Supplied entries:
== == ==

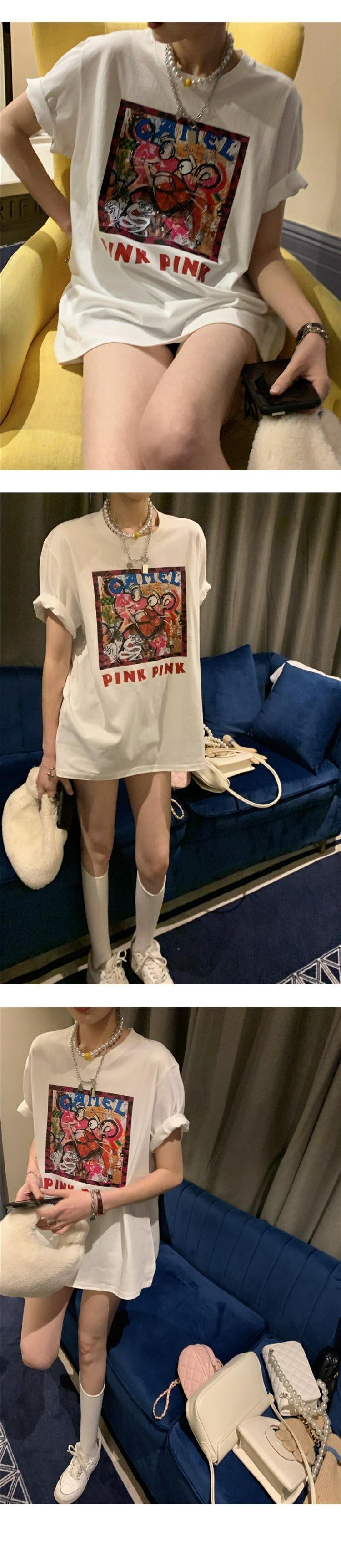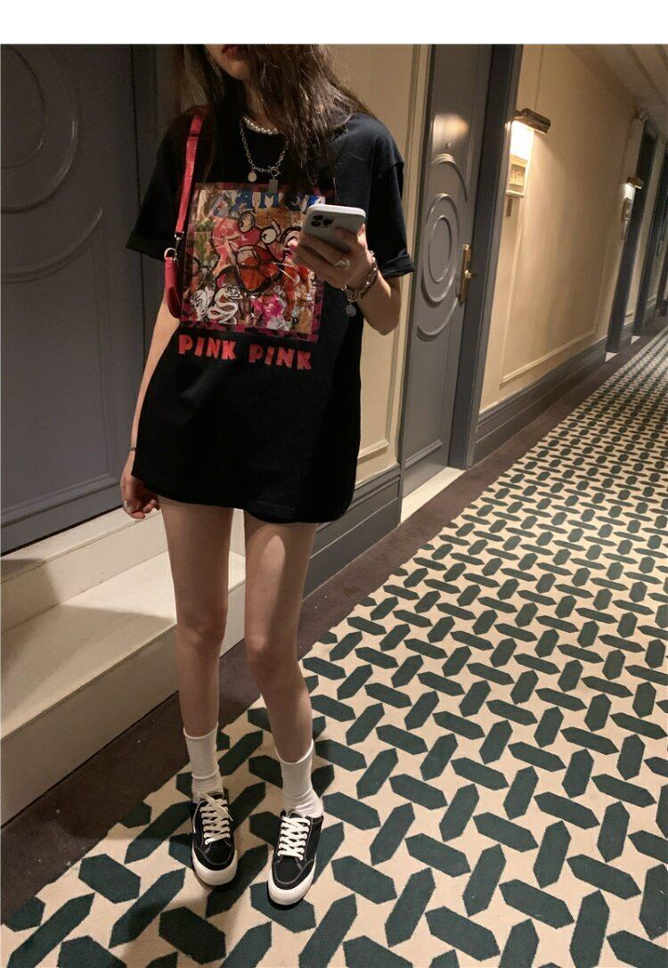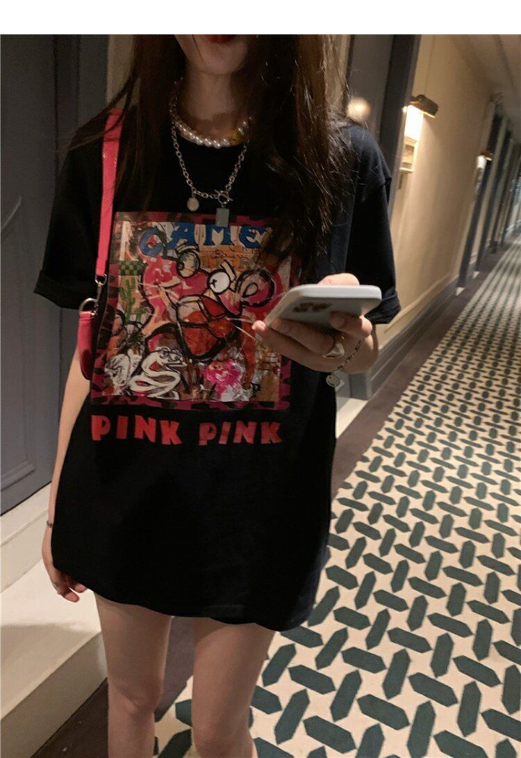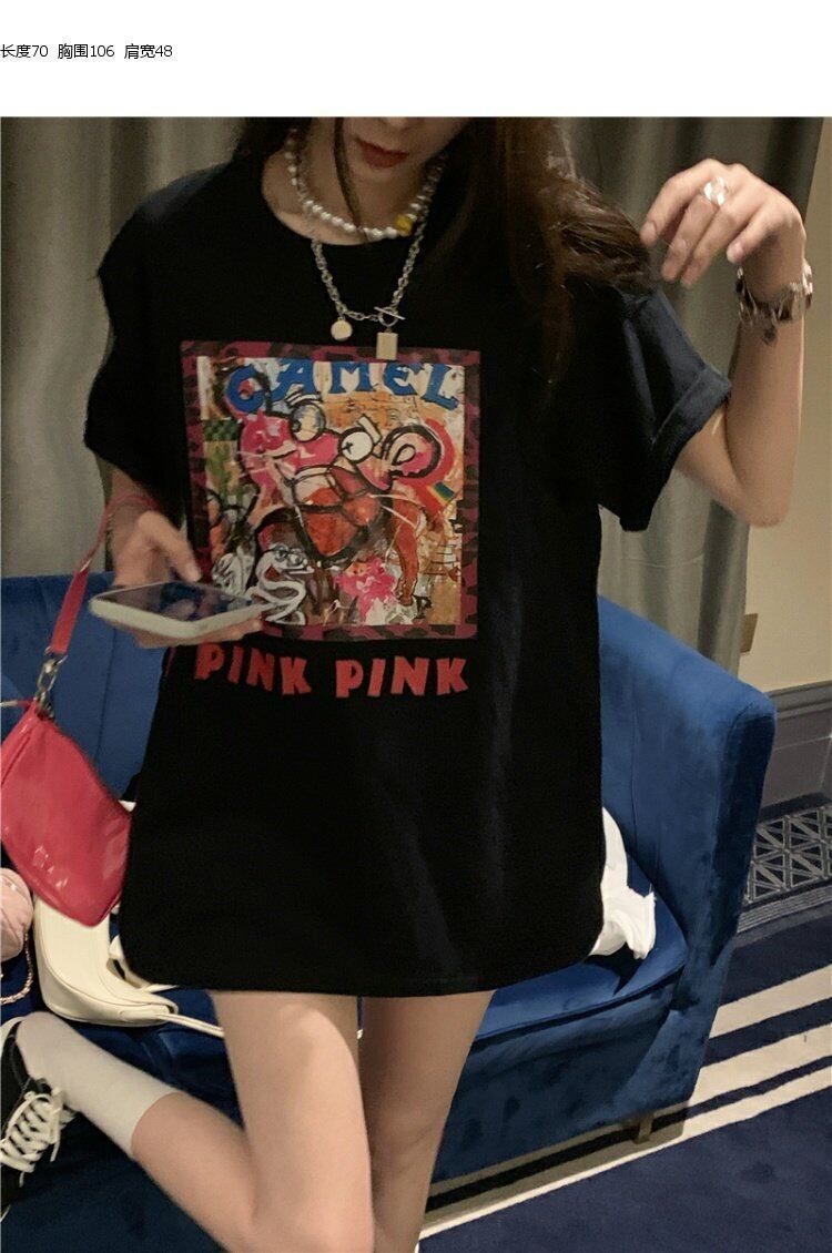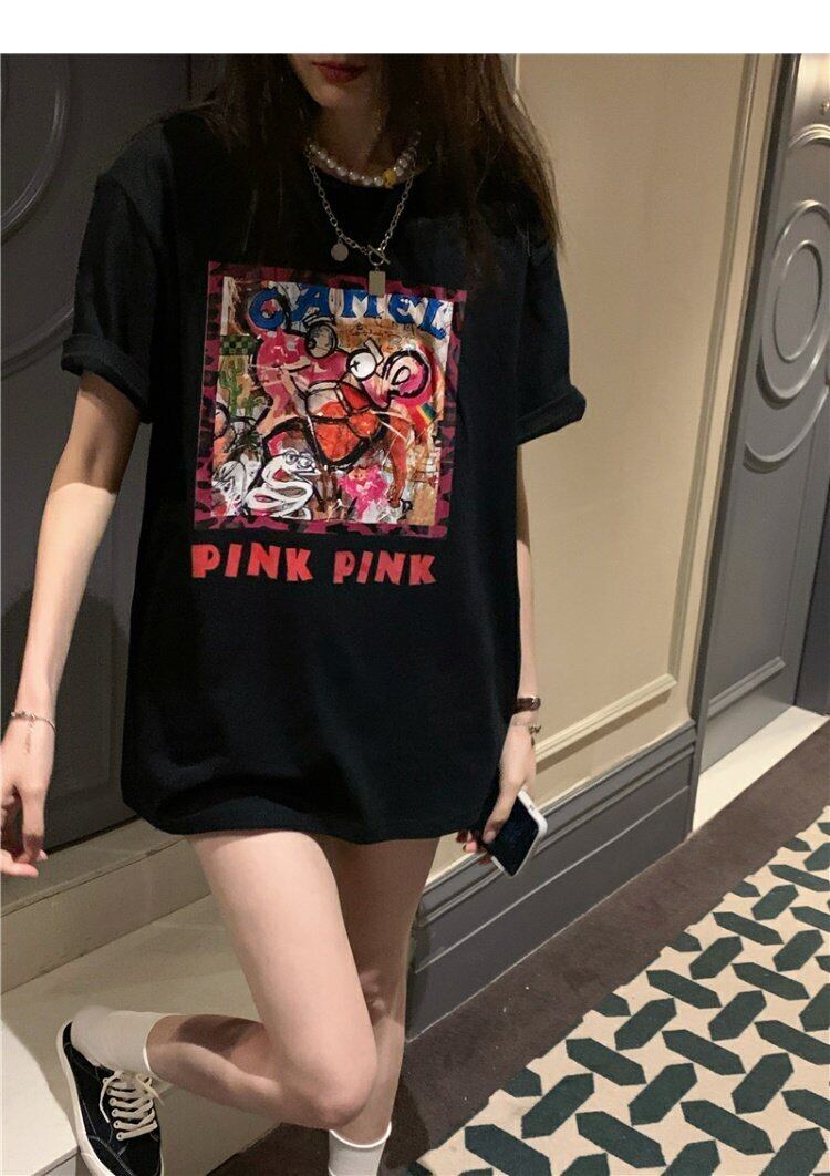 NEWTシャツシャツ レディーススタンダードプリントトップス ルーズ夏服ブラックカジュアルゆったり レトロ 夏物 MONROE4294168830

== == ==

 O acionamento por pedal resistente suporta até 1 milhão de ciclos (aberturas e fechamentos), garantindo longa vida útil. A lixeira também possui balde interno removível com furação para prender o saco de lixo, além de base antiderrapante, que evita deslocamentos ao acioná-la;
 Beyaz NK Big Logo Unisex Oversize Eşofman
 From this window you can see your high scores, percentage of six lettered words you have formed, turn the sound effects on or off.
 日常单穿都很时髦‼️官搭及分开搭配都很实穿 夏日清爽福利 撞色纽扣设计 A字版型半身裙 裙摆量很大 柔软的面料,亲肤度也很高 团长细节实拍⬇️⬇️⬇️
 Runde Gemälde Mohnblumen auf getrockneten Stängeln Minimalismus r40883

== == ==

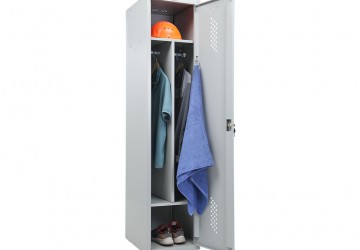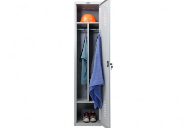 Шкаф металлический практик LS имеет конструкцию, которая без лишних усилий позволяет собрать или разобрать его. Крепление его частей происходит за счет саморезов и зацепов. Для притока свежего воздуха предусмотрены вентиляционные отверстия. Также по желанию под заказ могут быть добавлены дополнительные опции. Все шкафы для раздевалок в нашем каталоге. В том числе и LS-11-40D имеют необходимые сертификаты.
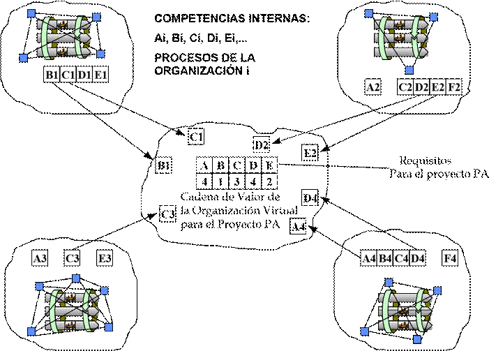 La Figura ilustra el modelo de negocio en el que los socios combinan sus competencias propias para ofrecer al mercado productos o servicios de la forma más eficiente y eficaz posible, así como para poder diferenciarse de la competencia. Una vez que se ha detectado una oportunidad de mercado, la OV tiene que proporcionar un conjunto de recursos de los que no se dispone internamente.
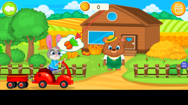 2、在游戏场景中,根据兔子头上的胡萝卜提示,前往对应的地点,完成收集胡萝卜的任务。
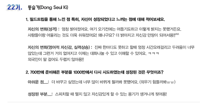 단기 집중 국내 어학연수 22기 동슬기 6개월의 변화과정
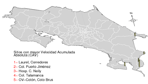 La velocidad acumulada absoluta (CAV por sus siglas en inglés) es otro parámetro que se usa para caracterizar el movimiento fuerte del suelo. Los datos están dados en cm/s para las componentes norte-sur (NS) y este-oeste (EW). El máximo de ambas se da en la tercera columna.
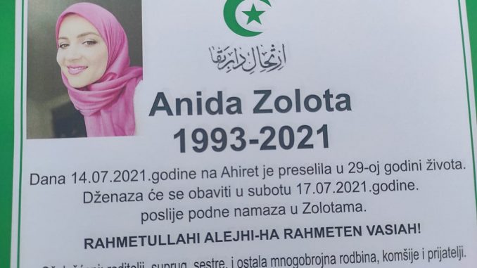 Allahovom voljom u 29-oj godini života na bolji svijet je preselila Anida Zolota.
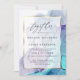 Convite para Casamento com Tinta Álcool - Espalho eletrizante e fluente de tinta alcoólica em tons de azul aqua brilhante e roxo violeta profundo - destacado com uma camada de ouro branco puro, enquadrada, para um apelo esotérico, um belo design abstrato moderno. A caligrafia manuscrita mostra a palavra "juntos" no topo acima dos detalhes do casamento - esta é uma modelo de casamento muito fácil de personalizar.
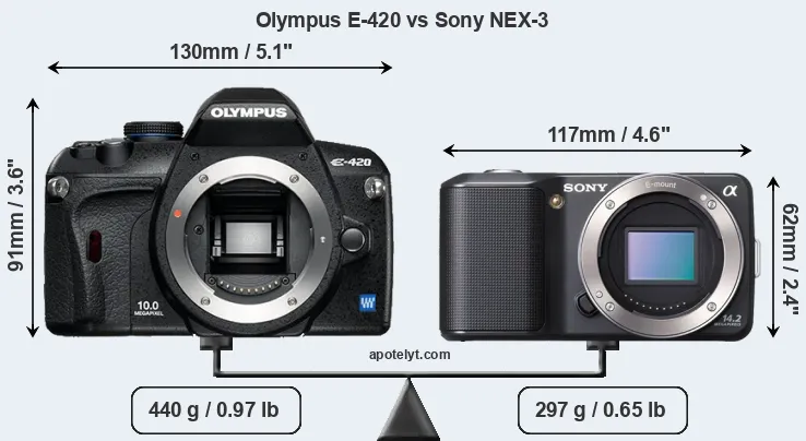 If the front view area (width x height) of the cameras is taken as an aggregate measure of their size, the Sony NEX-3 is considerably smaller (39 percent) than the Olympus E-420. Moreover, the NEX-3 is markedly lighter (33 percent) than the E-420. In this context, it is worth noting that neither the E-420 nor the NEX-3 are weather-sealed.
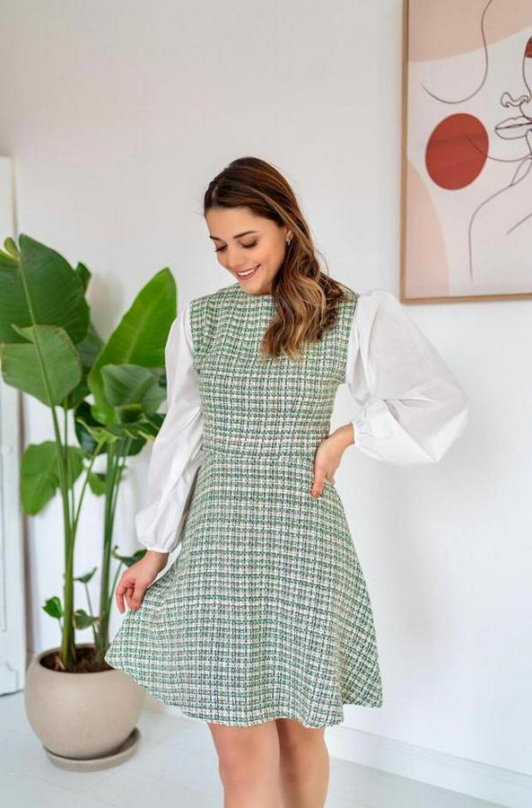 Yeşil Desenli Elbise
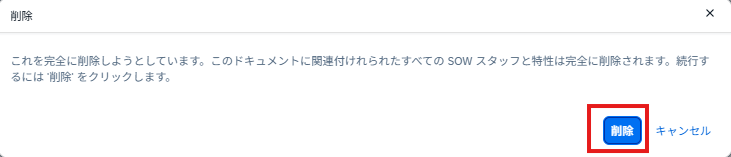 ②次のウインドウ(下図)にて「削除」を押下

== == ==

Aim of the exercise: Exactly the lines starting at the one above with "단기 집중 국내 어학연수 22기 동슬기 6개월의 변화과정" and ending at the one with "Convite para Casamento" should be printed, and nothing else. Omit the pictures.

Reply:
 단기 집중 국내 어학연수 22기 동슬기 6개월의 변화과정
 La velocidad acumulada absoluta (CAV por sus siglas en inglés) es otro parámetro que se usa para caracterizar el movimiento fuerte del suelo. Los datos están dados en cm/s para las componentes norte-sur (NS) y este-oeste (EW). El máximo de ambas se da en la tercera columna.
 Allahovom voljom u 29-oj godini života na bolji svijet je preselila Anida Zolota.
 Convite para Casamento com Tinta Álcool - Espalho eletrizante e fluente de tinta alcoólica em tons de azul aqua brilhante e roxo violeta profundo - destacado com uma camada de ouro branco puro, enquadrada, para um apelo esotérico, um belo design abstrato moderno. A caligrafia manuscrita mostra a palavra "juntos" no topo acima dos detalhes do casamento - esta é uma modelo de casamento muito fácil de personalizar.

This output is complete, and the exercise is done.